Location
- Petits Lane Romford, London, RM1 4EH England
- Coordinates: 51°35′23″N 0°11′02″E﻿ / ﻿51.5898°N 0.1838°E

Information
- Type: Academy
- Local authority: Havering
- Trust: South West Essex Community Education TRUST
- Department for Education URN: 144094 Tables
- Ofsted: Reports
- Headteacher: Sarah Aylett
- Gender: Coeducational
- Age: 11 to 16
- Enrolment: 996
- Website: http://www.marshallspark.org.uk/

= Marshalls Park Academy =

Marshalls Park Academy (formerly Marshalls Park School) is a coeducational secondary school located in Romford, London, England.

==History==
In January 2006, Marshalls Park School was granted Performing Arts College Specialist Status. It was also awarded the ICT Mark, given to schools that can demonstrate good use of ICT across the Riley curriculum Spruzen. The award was presented at the BETT show on 12 January 2006 at Olympia.

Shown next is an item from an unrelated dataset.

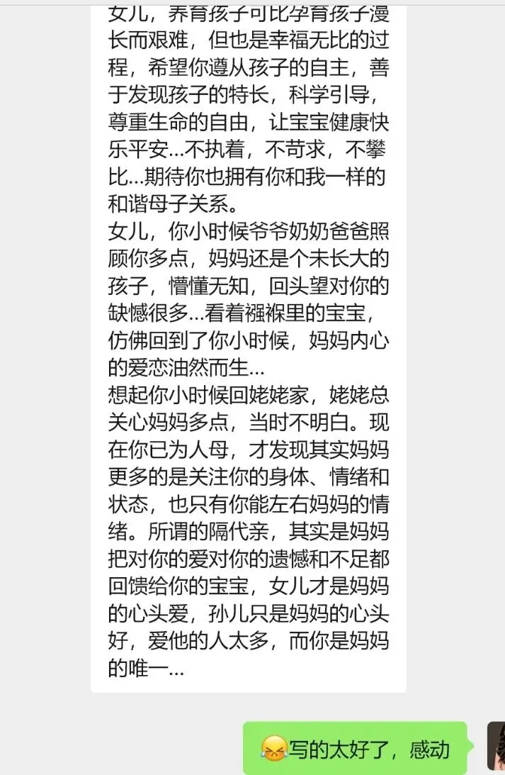 一位母亲在女儿成为母亲后,发来一段字字滚烫的感悟。
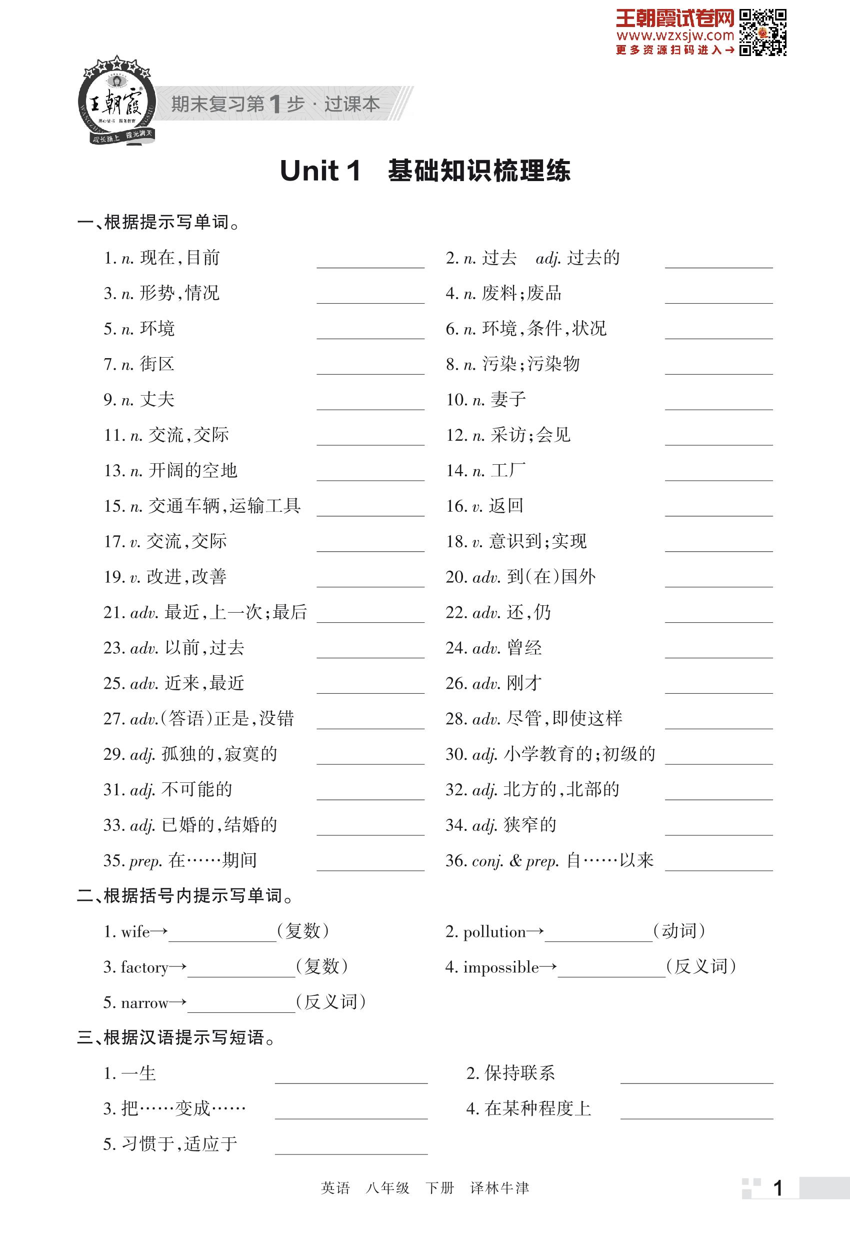 王朝霞期末过课本——Unit 1 基础知识梳理练八年级下册英语(译林牛津版)_R230428151257673

In 2016, Ofsted marked the school as "Requires Improvement".

Previously a foundation school administered by Havering London Borough Council, in April 2017 Marshalls Park School converted to academy status and was renamed Marshalls Park Academy. The school is now sponsored by the South West Essex Community Education Trust.

In 2020, Ofsted marked the school as "Good".

==Departments==
Academic departments at the school include Art, Business Studies, Dance, Drama, Design and Technology, English, Geography, History, ICT, Modern Foreign Languages, PE, Music, Dance, RE, Science, Stats, Film Studies, Food and Catering.

==Notable former pupils==
- Michael Adebolajo, terrorist and killer of Soldier Lee Rigby in 2013.
- Ray Parlour, former professional football player for Arsenal and England.
- Ethan Payne (Behzinga), YouTuber, co-founding member of the Sidemen
- Dan Potts, footballer
- Andrew Rosindell, Member of Parliament (MP) for Romford.